With help from Dr. Damoiseaux, our team screened thousands of compounds and identified several that block mpox virus replication very effectively. What’s especially interesting is how these drugs work.
Most DNA viruses that infect humans replicate inside the nucleus of our cells, but mpox virus is unusual: It replicates in the cytoplasm, outside the nucleus. Our cells are designed to recognize foreign DNA in the cytoplasm as a danger signal, using a pathway known as cGAS-STING to trigger an immune response.
The newer strains of mpox have evolved to shut down this STING protein more efficiently, allowing the virus to fly under the immune system’s radar. But one of our lead drug candidates turns STING back on — essentially restoring the cell’s natural defense response.
In mouse models of mpox infection, this drug candidate efficiently blocked viral replication without any toxicity.
What are the next steps in developing this drug?
This NIH grant will allow us to take these promising findings from mouse studies into human tissue models.
We’re collaborating with Dr. Kumar, who is using limbal stem cells from donated human corneas to grow eye tissue in the lab and is contributing to the development of an ocular mpox mouse model. With these models, we can study how the virus infects the different cell types found in the eye and test whether our drug can stop the infection from spreading in this highly sensitive area.

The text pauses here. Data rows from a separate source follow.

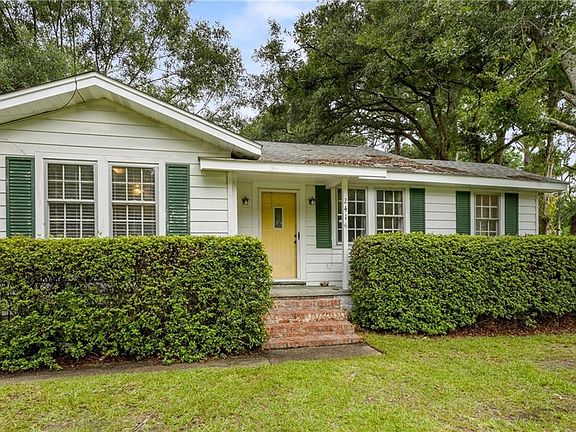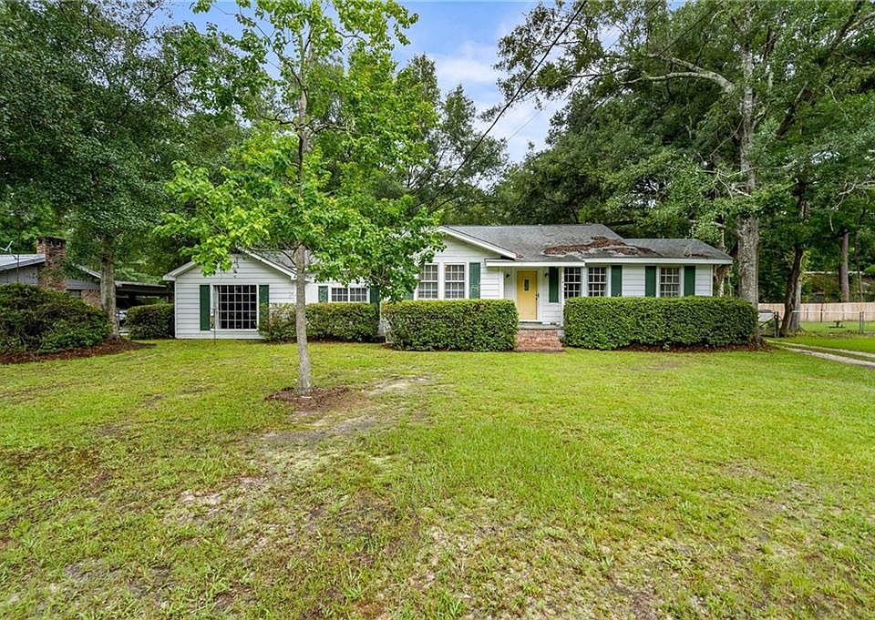 Located not far from McGowan Park, where shopping and restaurants are plentiful along with easy access to I-65 and I-10 this home is ready for new owners. Freshly pressure washed, the sparkling home provides an abundance of living options. Step into the open kitchen on the left featuring a large granite topped breakfast bar/center island where early morning breakfast or afternoon snacks can be enjoyed. Appliances, including the gas stove, are stainless, cabinetry is white, and granite graces the counter tops all making meal preparation a breeze. Open to the kitchen and to the right of the front door is a spacious dining room where more formal meals can be lingered over and enjoyed. Just beyond the dining area a barn door that separates an office/playroom/craft room or man cave - whatever fits the family needs. A couple steps down from the kitchen is an open area that would be a great space for an office or a sitting area where a good book can be enjoyed in a favorite recliner. Just beyond is the family room with a gas log fireplace to ward off those rare cool southern evenings. (Gas is currently disconnected.) There is a full bath convenient for family and visitors off the family room. Behind the family room is the spacious laundry/mud room/drop zone for coming in from the two-car carport via the covered breezeway. On the opposite wing of this great home are two nice sized guest bedrooms, one with a walk-in closet, a guest bath, and the primary bedroom with new laminate flooring, his and her closets and an ensuite half bath. There are pretty hardwood floors in many rooms, laminate in the primary bedroom, brick in the kitchen and tile in the wet areas. There is a workshop off the carport and another outdoor building, great for storage, along with a patio all on almost ¾ acre. The seller states the roof is 4 years old and the HVAC is about nine years old. Per the city map, this home is not located in a flood zone.
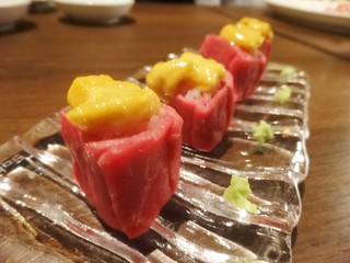 うしごろ名物とも言える雲丹寿司は雲丹と生肉のバランスが絶妙!するっと胃の中に収まるので是非オーダーを。
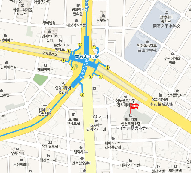 • 地下鉄駅から 地下鉄1号線トンアム(No.154 Dongam)南広場から 徒歩 約10分。
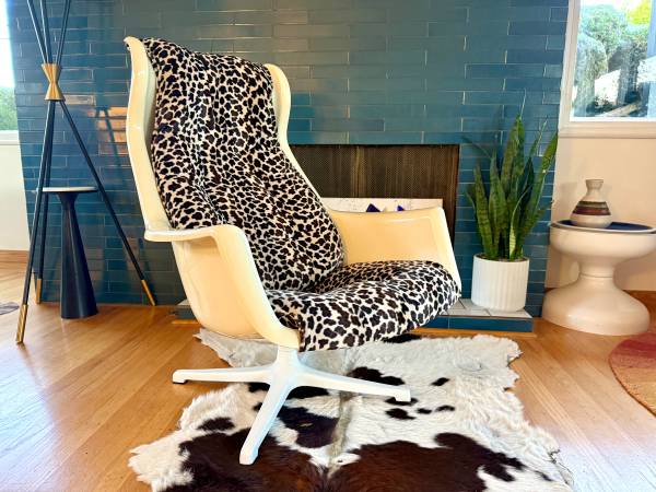 For sale is a Vintage Dux GalaxySpace Age armchair by Alf Svensson & Yngvar Sandström. The Galaxy armchair features a striking white acrylic frame, original snow leopard upholstery, and excellent condition metal feet that rotate smoothly. This chair’s fabric is true vintage and was a factory special order, and this is the only example seen in snow leopard print. This chair was recently imported from Denmark, and is true vintage, and a very rare find in the US.
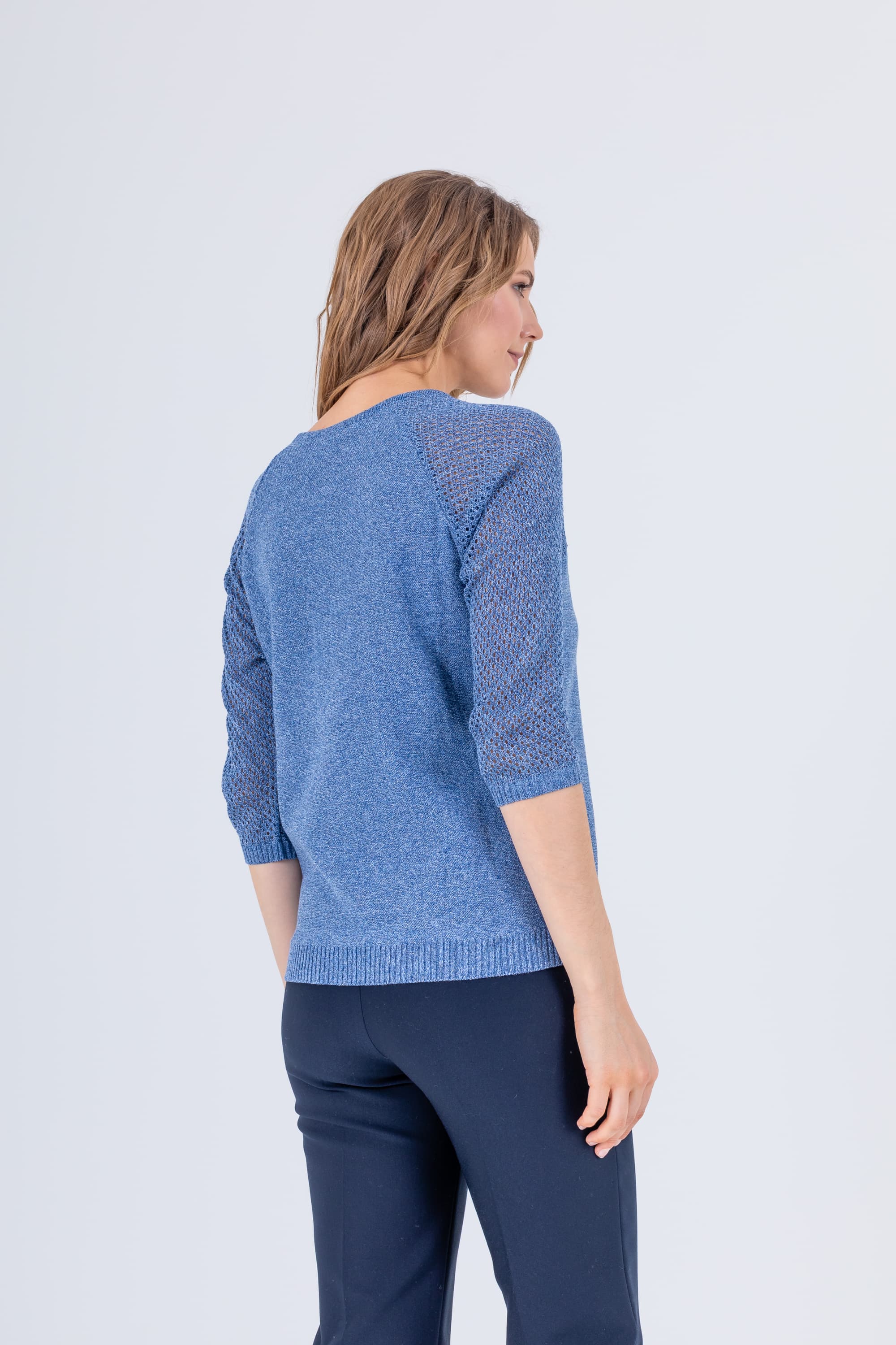На сайте указаны российские размеры. Джемпер средней длины прямого силуэта из легкого хлопка с добавлением полиакрилонитрила, дизайнерская особенность модели – ажурный трикотаж на рукавах. Перед и спинка по низу обработаны манжетой. Рукава реглан ¾ с манжетами. Круглый вырез горловины.
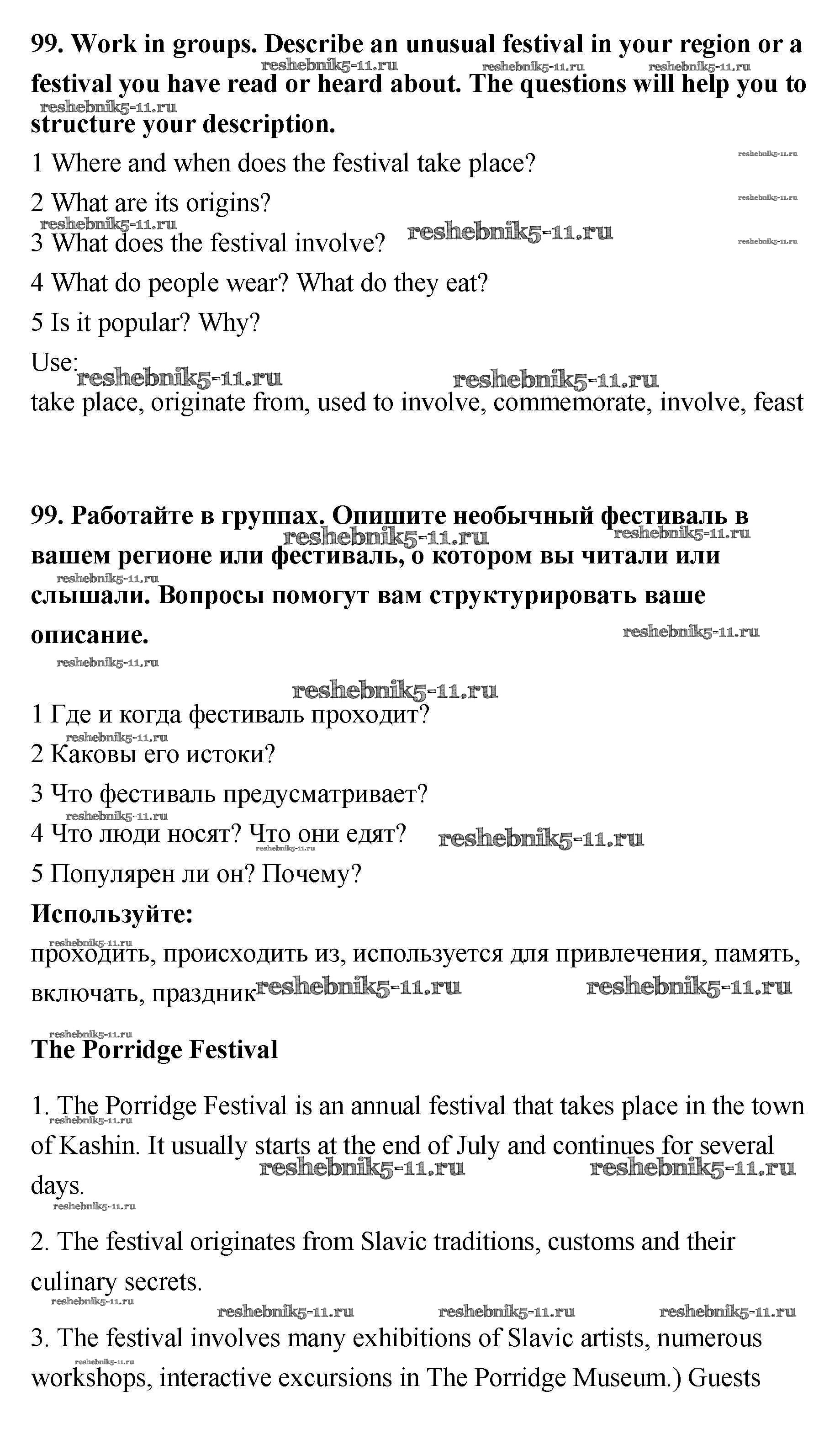 Готовая домашняя работа с ответами по Английскому языку за 11 класс Биболетова, Трубанева Учебник Enjoy English Титул 2015 ФГОС - Unit 4 99
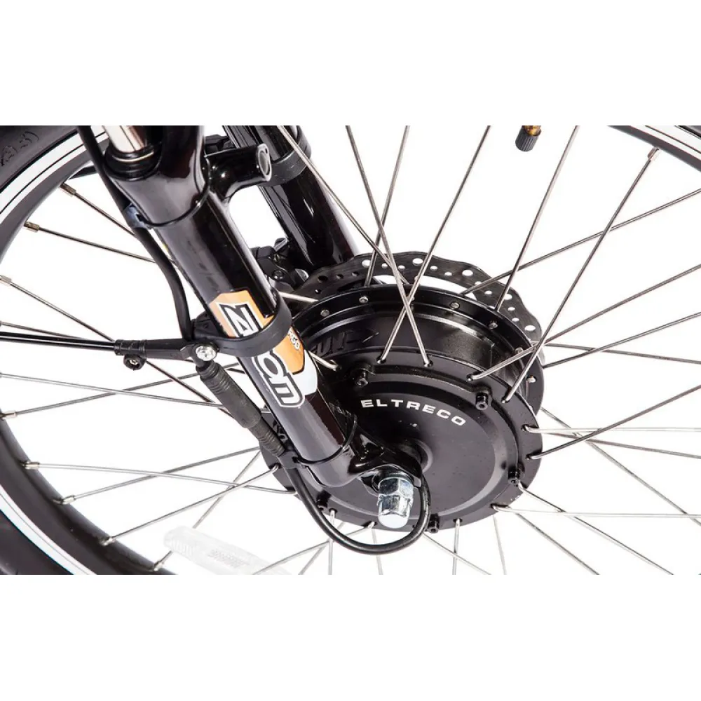 Компания Eltreco всегда заботится о потребителе, и стремится улучшить модели в соответствии с их пожеланиями. Поэтому велогибид оснащен облегченным двигателем производства компании Bafang мощностью 350Вт.
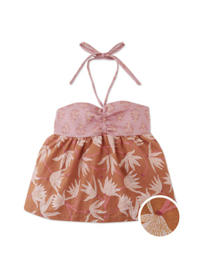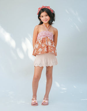This printed sweetheart neck halter top brings a fun and charming touch to any outfit, keeping your little sunshine stylish and adorable.
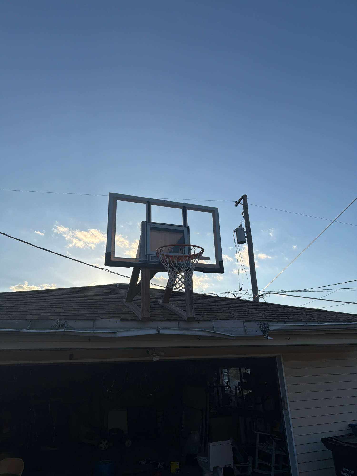 This image, taken in Norridge, United States of America, depicts an outdoor scene, rotated 90 degrees counter-clockwise. The left side of the frame is dominated by a clear, bright blue sky with scatte…read more

We’re also testing the drug in stem cell-derived human skin organoids — essentially miniature lab-grown skin tissues that mimic the structure and function of real human skin. If these studies are successful, we hope to approach the FDA next year to begin discussions about IND-enabling (investigational new drug) preclinical studies essential for human clinical trials.
Why is it important for the U.S. to invest in mpox research if it’s not widely spreading here right now?
Because viruses don’t stop evolving just because we stop paying attention.
Mpox virus has already demonstrated an alarming ability to adapt. The longer it continues circulating anywhere in the world, the more likely it is to gain new mutations that make it even more contagious or dangerous — including here in the U.S. New mutations can potentially reduce the protective efficacy of the currently available smallpox vaccine.
Viruses don’t sleep, they don’t take holidays and they don’t respect borders. They are constantly probing their hosts, learning new ways to infect and spread. Preparing now — with both drugs and vaccines — is far more effective than scrambling after an outbreak has already exploded.